Obviously it is important to switch the spindle motor off when measuring the tool! At the moment I am doing this manually. I forgot once but I got away with it because it measures so quickly. The next job is to put the motor under software control.

Sunday 20 May 2007

Let there be light

Taking close up video footage requires quite a lot of light because the maximum exposure is limited by the frame rate and zooming in wastes a lot of the light hitting the lens. I have previously been using a random collection of incandescent spot lights totalling about 200w. These gave an overly warm white balance with my camera, a Fuji Finepix 900, plus they tended to get in the way and gave off a lot of heat. I decided to try LED lighting as that seems to be the future. I suspended twelve 1W white LEDs over the top of the machine on a sheet of aluminium laminate plus another six on a strip of copper PCB laminate under the box that supports the Z-axis.

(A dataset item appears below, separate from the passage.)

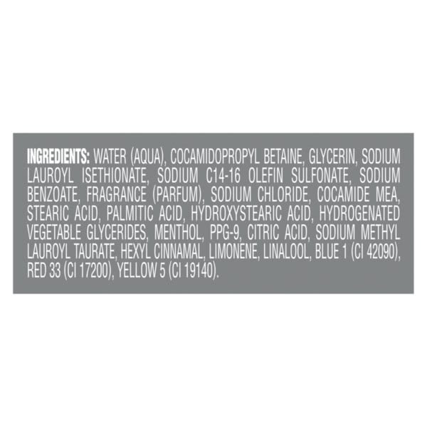 Water, Sodium Laureth Sulfate, Cocamidopropyl Betaine, Glycerin, Sodium Chloride, Fragrance, Acrylates Copolymer, Sodium Lauroyl Isethionate, Stearic Acid, Palmitic Acid, Menthol, Sodium Benzoate, Citric Acid, Tetrasodium Edta, Phenoxyethanol, Ppg-9, Iodopropynyl Butyl Carbamate, Hexyl Cinnamal, Limonene, Linalool, Yellow 5 (ci 19140), Blue 1 (ci 42090), Red 33 (ci 17200)

The LEDs were wired in groups of six in series and connected to the 24V supply with a small series resistor. I adjusted these to get about 300ma. A constant current source would have been better but I didn't have any suitable medium power transistors to hand and the supply is well regulated.

Here is what they look like in the machine viewed from below, they are not visible with the normal camera angle from above.



They seem to be bright enough for shooting video and they are only using 18W, 10 times less than my spot lights. If you compare my second video with the first you can see the difference although I didn't have the bottom six installed at that point.